Wolfgang Petersen (The Perfect Storm) brings us to long-ago Greece, where young Helen (Diane Kruger) is unhappily married to middle-aged Menelaus (Brendan Gleeson). She flees to Troy with the amorous young prince Paris (Orlando Bloom). Such an act insults the Greek's masculine ego and coupled with Agamemnon's (Brian Cox) imperial aspirations, 1000 ships soon follow. Achilles (Brad Pitt) is along for the ride, mainly out of a sense of adventure and the ambition of having his name gloriously spoken of 'through the ages'.
His Californian-surfie look-alike "cousin" Patroklos (Garrett Hedlund) goes too, but is well shielded with a loving eye from his "cousin" Achilles. And so ten years of war are compressed into two weeks of story time, into 160 minutes of movie time. We have the landing, a few battles, the slaying of Patroklos (and that of Hector as revenge), the recovery of the body and the famous Horse, "the first and best weapon of mass destruction". We even have Aeneas heading off with the sword of Troy, no doubt intending to found Rome.

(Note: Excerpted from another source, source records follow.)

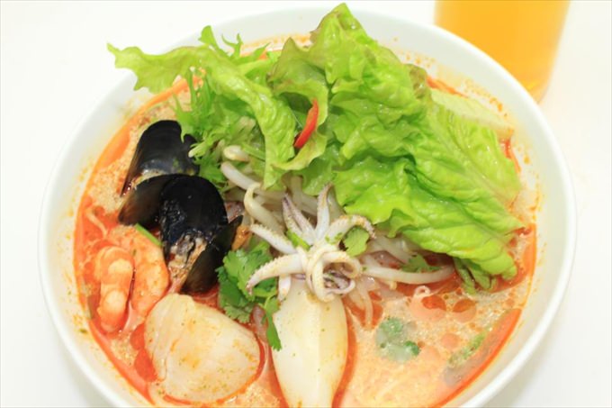 おすすめメニューはホーモックタレー。ココナツミルクでシーフードを蒸したもので、ふわふわ感がたまりません!
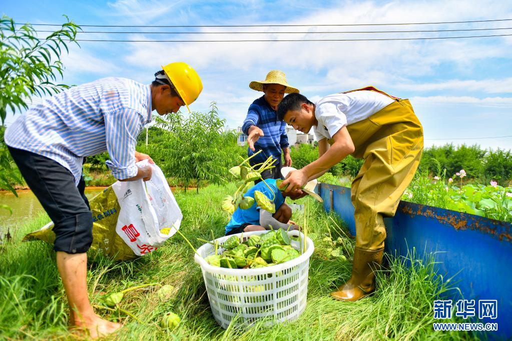 7月11日,在湖南省湘潭市雨湖區(qū)姜畬鎮(zhèn)聯(lián)映村,蓮農(nóng)將采摘好的蓮蓬裝筐。新華社記者 陳澤國 攝
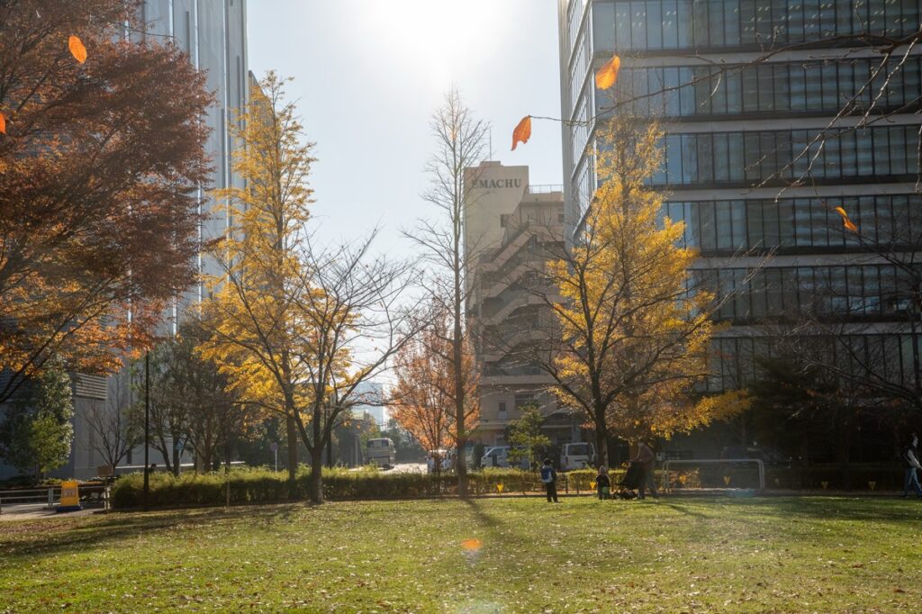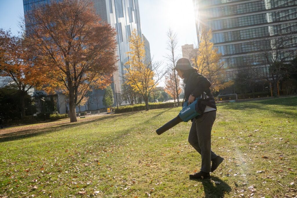 太陽が見れるのはほんの少し、ビルとビルの間を通ります。これは芝生にとって大問題。冬芝のための光がとことん少ない環境です。頑張りたくても頑張れないよね・・・でも頑張って冬芝くんたち!!!!今日の作業は落ち葉集め。葉っぱに直接光が届きますように!

I'm not a fan of Jackson's Lord of the Rings monolith. Troy's battle scenes, costumes and dialogue are just as hokey, if not more so. The only scene which lifted and made you say, Ah, yes, now here is something substantial was Priam's asking for the return of his son's body—Peter O'Toole is only here allowed to break through and deliver! The scene is unusually engaging, something you'd expect in greater abundance throughout the film.
This Iliad is a secularised one. There is no Athene to fight, no Apollo to launch arrows and plagues, nor Hera nor Zeus to have a domestic and then make up on a mountaintop. The Olympic soapie is one of the attractions of the Homeric Iliad! The Patroklos-Achilles relationship has been asexualised, something which cannot be forgiven. On the other hand, there might not have even been a Patroklos, if the cousin angle wasn't chosen, so maybe we should be thankful. Maybe every time we hear "cousin" we should understand "lover". Let's make it our secret. I guess such things happen when you strain the Spirit of Greece through Judeo-Christian America. I enjoyed this because I have a masochistic streak and would rather laugh than cry when I see Homer bleeding in the dust.